Now, of course, autologous transplant is old, it’s chemotherapy, and we all want to get a very fancy kind of therapy. Everything is a immunotherapy. Revlimid is immunotherapy, immunomodulatory drugs and we have now the monoclonal antibodies, anti-CD38 antibodies, and now the drug conjugated antibodies, the bispecific antibodies and we have the CAR-T cells. So the question, if still we need the autologous transplant, and I would say definitely yes, because transplant is the more efficient way to get to a measurable residual disease negativity 10 to the minus five and 10 to the minus six, and also most importantly, sustained MRD negativity. And I will show all the new studies with quadruplet induction, CASSIOPEIA study with the dara-VTd, GRIFFIN study with the dara-VRd, KRd with dara like Costa’s study, the MASTER study. All of them show that MRD negativity post-transplant was in higher percentages, more sustained, mainly more sustained for instance, in the FORTE study then after induction therapy. So, transplant is here to stay and also with the most fancy therapies today, the CAR-T cells. So, we can do the CAR-T cells post-transplant, but vice versa, doing transplant after CAR-T cells is not logical, there are still many patients that relapse after CAR-T cells.

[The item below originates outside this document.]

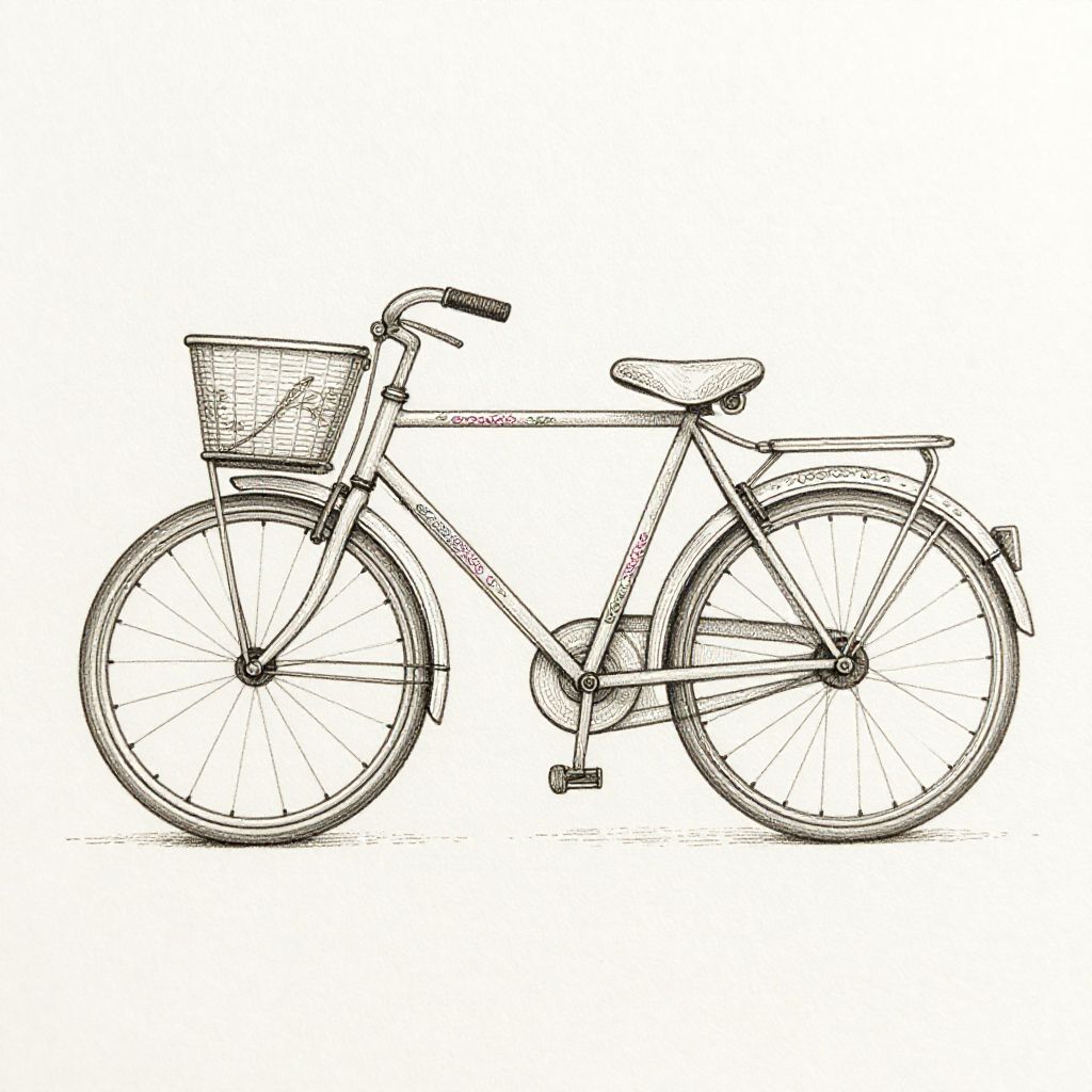 A line drawing of a vintage bicycle with delicate floral embellishments, elegant and detailed, hand-drawn style with thin precise lines, minimalist composition focusing on nostalgic charm and whimsy

We don’t have MRD sustained data after CAR-T cells, and of course at the end of the day, we will combine CAR-T cells and autologous transplant. The last is partly a practical issue that when ide-cel and cilta-cel are approved, only minority of the patients can get these drugs because it’s so complicated. So, few slots, production is much less than the demand. So from the practical issue, we can offer transplant to actually all myeloma patients that are eligible for transplant, while CAR-T cells are still for minority of patients and the end of the day, we combine them.